* Assigned task *
The lines to reproduce from the material below are those from the one containing "When I saw the" through the one containing "Педагогтардың біліктілік санаты куәліктері", both included; write them out exactly and add nothing.

* Supplied information *

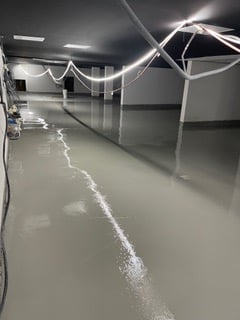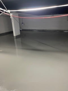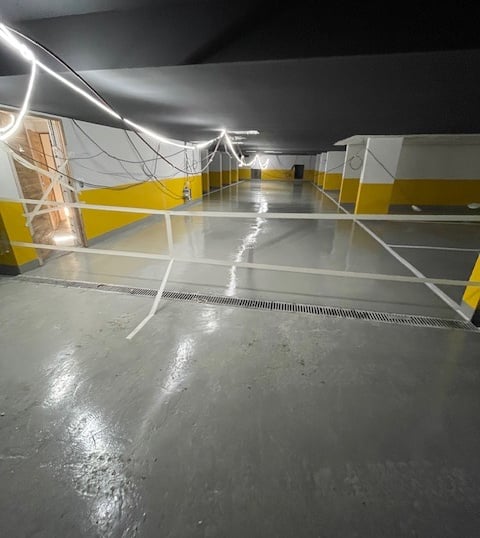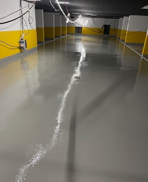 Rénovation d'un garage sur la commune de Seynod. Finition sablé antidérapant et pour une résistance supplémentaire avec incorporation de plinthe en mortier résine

==

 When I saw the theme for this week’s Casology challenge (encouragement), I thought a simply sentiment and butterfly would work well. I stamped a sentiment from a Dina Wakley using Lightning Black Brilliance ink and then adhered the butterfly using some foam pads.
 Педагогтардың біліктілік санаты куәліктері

...

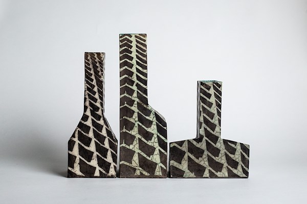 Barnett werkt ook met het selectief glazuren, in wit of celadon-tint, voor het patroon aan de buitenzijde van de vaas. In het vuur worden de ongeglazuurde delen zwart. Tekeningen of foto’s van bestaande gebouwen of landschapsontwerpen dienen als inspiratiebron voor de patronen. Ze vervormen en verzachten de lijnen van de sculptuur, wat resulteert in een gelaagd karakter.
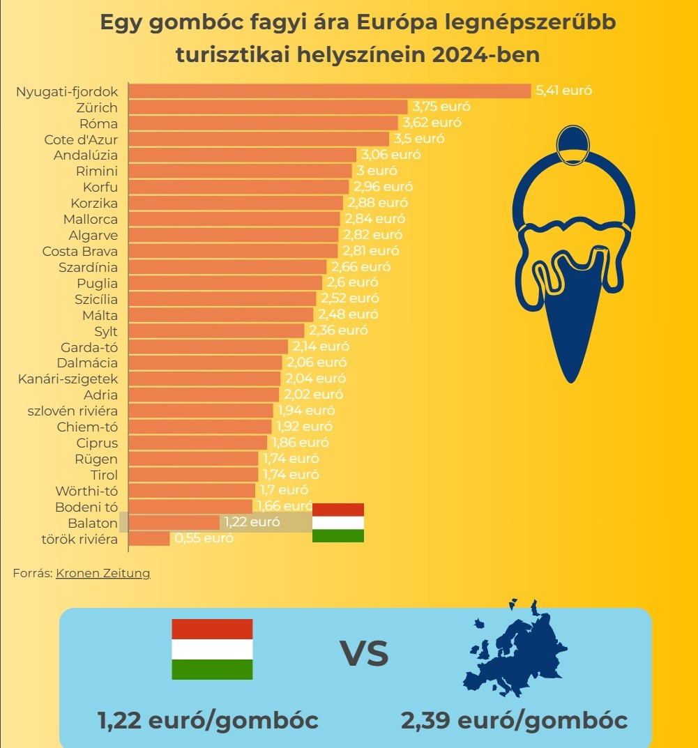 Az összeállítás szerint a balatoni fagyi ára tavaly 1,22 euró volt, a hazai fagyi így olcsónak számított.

* Solution for this problem *
 When I saw the theme for this week’s Casology challenge (encouragement), I thought a simply sentiment and butterfly would work well. I stamped a sentiment from a Dina Wakley using Lightning Black Brilliance ink and then adhered the butterfly using some foam pads.
 Педагогтардың біліктілік санаты куәліктері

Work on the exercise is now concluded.